- Location: Municipality of Rakitovo, Pazardzhik Province, Bulgaria
- Nearest city: Rakitovo
- Coordinates: 41°58′0″N 24°2′0″E﻿ / ﻿41.96667°N 24.03333°E
- Area: 10.68 km^{2} (4.12 sq mi)
- Established: 1968
- Governing body: Ministry of Environment and Water (Bulgaria), Regional Inspectorate of Environment and Water

= Mantaritza Biosphere Reserve =

Biosphere reserve in Bulgaria

Mantaritza Biosphere Reserve (Биосферен резерват "Мантарица") is situated to the north of Golyama Syutka Peak in the Rhodope Mountains in Bulgaria, and covers an area of 1319,9 hectares. The reserve was established in 1968 to protect the old coniferous forests and the biotopes of the Western capercaillie (Tetrao urogalus). The area was declared as biosphere reserve in 1977. It represents century-old forests of pure and mixed stands of Norway spruce (Picea abies), European birch (Fagus sylvatica) and European silver fir (Abies alba).

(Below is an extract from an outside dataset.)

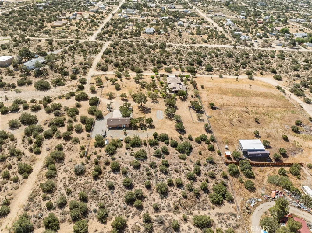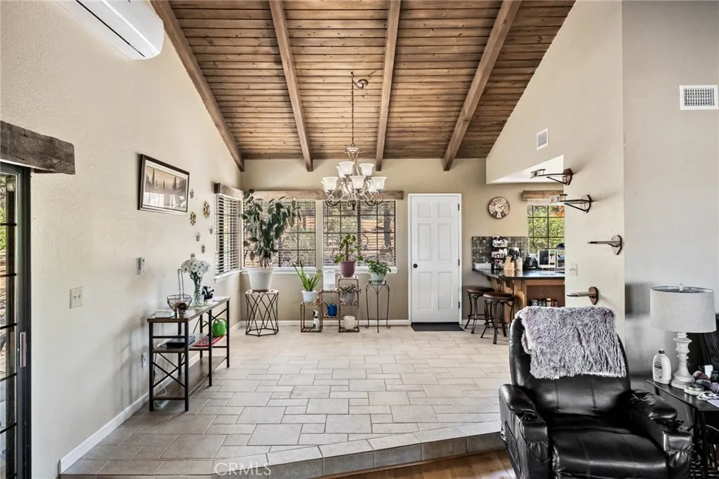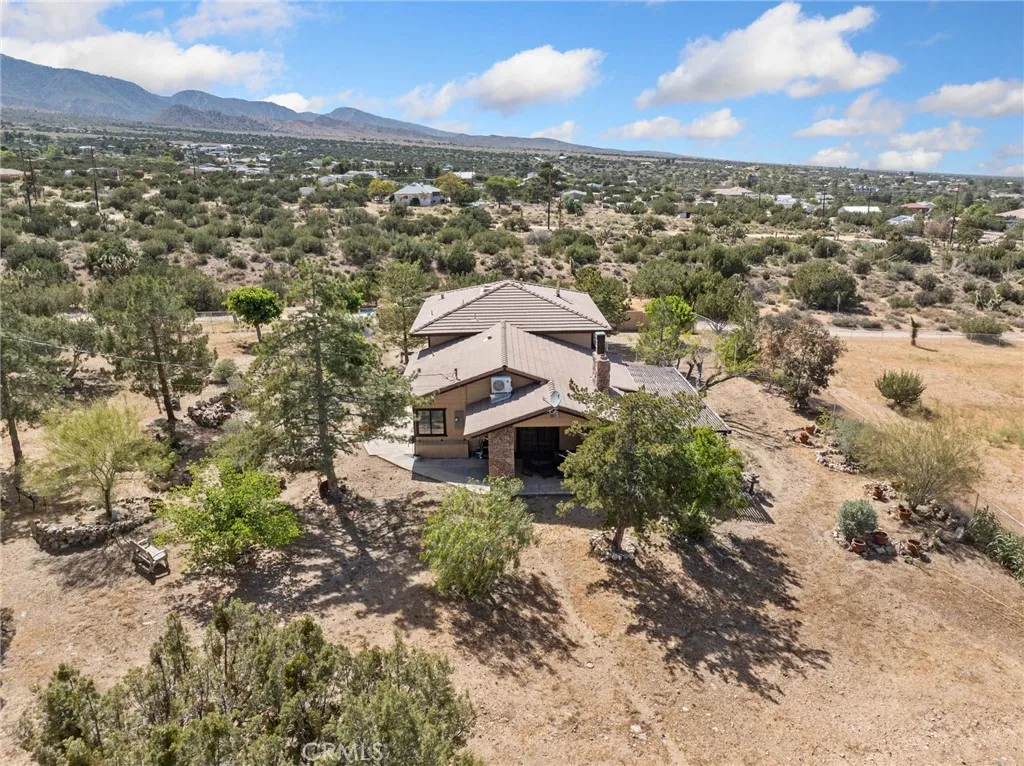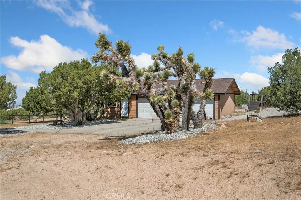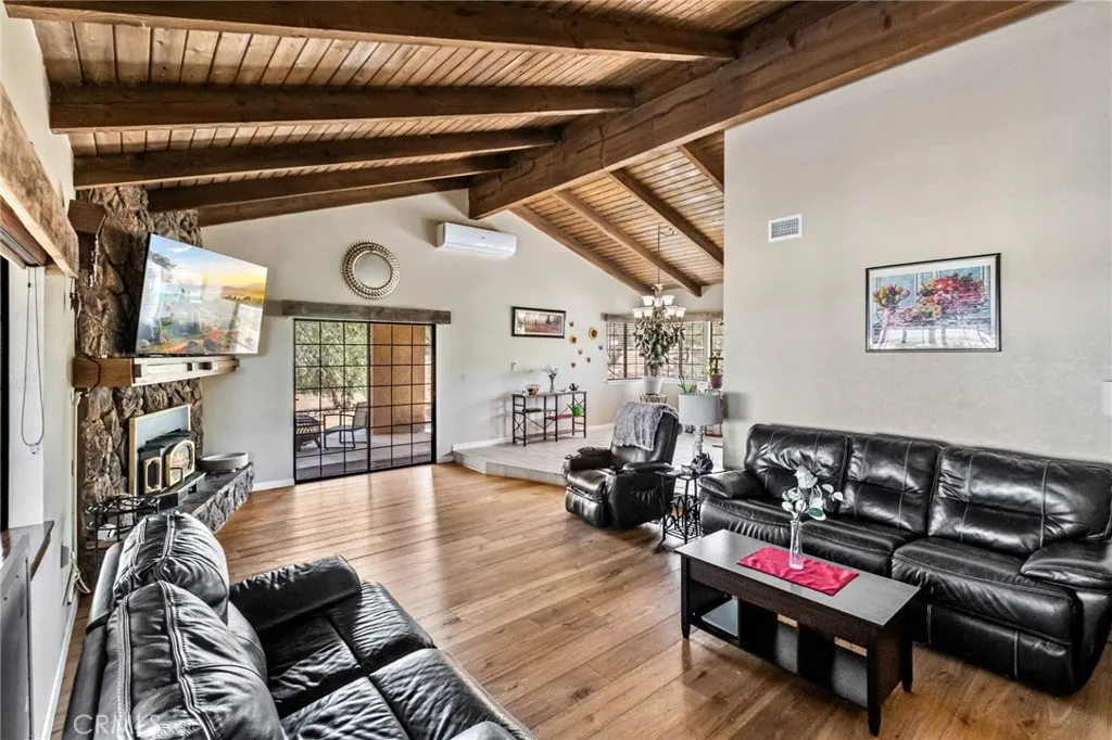 Tucked into the high desert landscape of south Pinon Hills, this charming 3 bedroom, 2.5 bath home offers the perfect blend of rustic character and comfortable living on 2.28 private acres. From the moment you arrive, the sweeping mountain views and dramatic sunset skies set the tone for everything this property delivers. Inside, soaring wood-beamed ceilings and warm tongue-and-groove wood create an inviting, cabin-inspired atmosphere throughout the main living areas. The great room is anchored by a stunning floor-to-ceiling stacked stone fireplace the heart of the home on cool high desert evenings. The ori-level design of the home invites you in with the main level entry the leads to the living room with beautiful wood flooring which wind around to the dining area and kitchen. The kitchen features abundant quality oak cabinetry, updated granite countertops, a breakfast bar, and mountain views right from the sink. A spacious secondary living area with vaulted beamed ceilings, an additional wood burning stove, a mini-split, and an elegant chandelier offers flexible space for dining, a sunroom, or additional lounge. Step outside to the covered patio wrapped in beautiful stacked stone and topped with a pergola the ideal space to entertain or simply take in the natural surroundings. The detached two-car garage is a standout bonus, featuring full insulation, a mini-split system, and a finished living space complete with wood-paneled walls, vaulted wood ceilings, LVP flooring, a kitchenette, and its own private entrance. Whether you envision a guest suite, ADU, home office, or

The reserve is situated in the Bulgarian Floristic sub-region of West Rhodope within the Central European mountain biotic province. The varied fauna includes brown bear (Ursus arctos), red deer (Cervus elaphus), roe deer (Capreolus capreolus), wild boar (Sus scrofa), pine marten (Martes martes), European badger (Meles meles), hazel grouse (Bonasa bonasia), black woodpecker (Dryocopus martius) and crested tit (Parus cristatus).

This area has been little affected by man. Before the biosphere reserve was designated in 1977, small-scale selective cutting took place and water reservoirs were constructed. This biosphere reserve is currently under revision.